The `langchain-azure-storage` interface defaults to [`DefaultAzureCredential`](https://learn.microsoft.com/en-us/azure/developer/python/sdk/authentication/credential-chains?tabs=dac#defaultazurecredential-overview)
for credentials which automatically retrieves [Microsoft Entra ID tokens](https://learn.microsoft.com/en-us/azure/storage/blobs/authorize-access-azure-active-directory) based on
your current environment. For more information on using credentials with
`langchain-azure-storage`, see the [override default credentials](#override-default-credentials) section.

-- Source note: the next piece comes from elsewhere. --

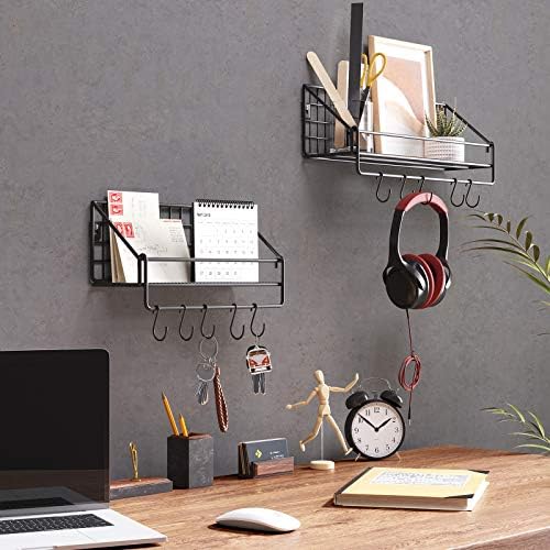 SONGMICS Mensole da Parete Stile Industriale in Metallo carico 15 kg/scaffale Set di 2 con 10 Ganci, per Camera da Letto, Soggiorno, Cucina, 30 x 12 x 13 cm, 40 x 12 x 13 cm, Nero LFS02BK

## Azure Blob Storage Document Loader Usage
[Document Loaders](https://python.langchain.com/docs/integrations/document_loaders/) are used to load data from many sources (e.g., cloud storage, web pages, etc.) and turn them into [LangChain Documents](https://python.langchain.com/api_reference/core/documents/langchain_core.documents.base.Document.html), which can then be used in AI applications (e.g., [RAG](https://docs.langchain.com/oss/python/langchain/rag#build-a-rag-agent-with-langchain)). This package offers the `AzureBlobStorageLoader` which downloads blob content from Azure Blob Storage and parses it as UTF-8 by default. Additionally, [parsing customization](#customizing-blob-content-parsing) is also available to handle content of various file types and customize document chunking.  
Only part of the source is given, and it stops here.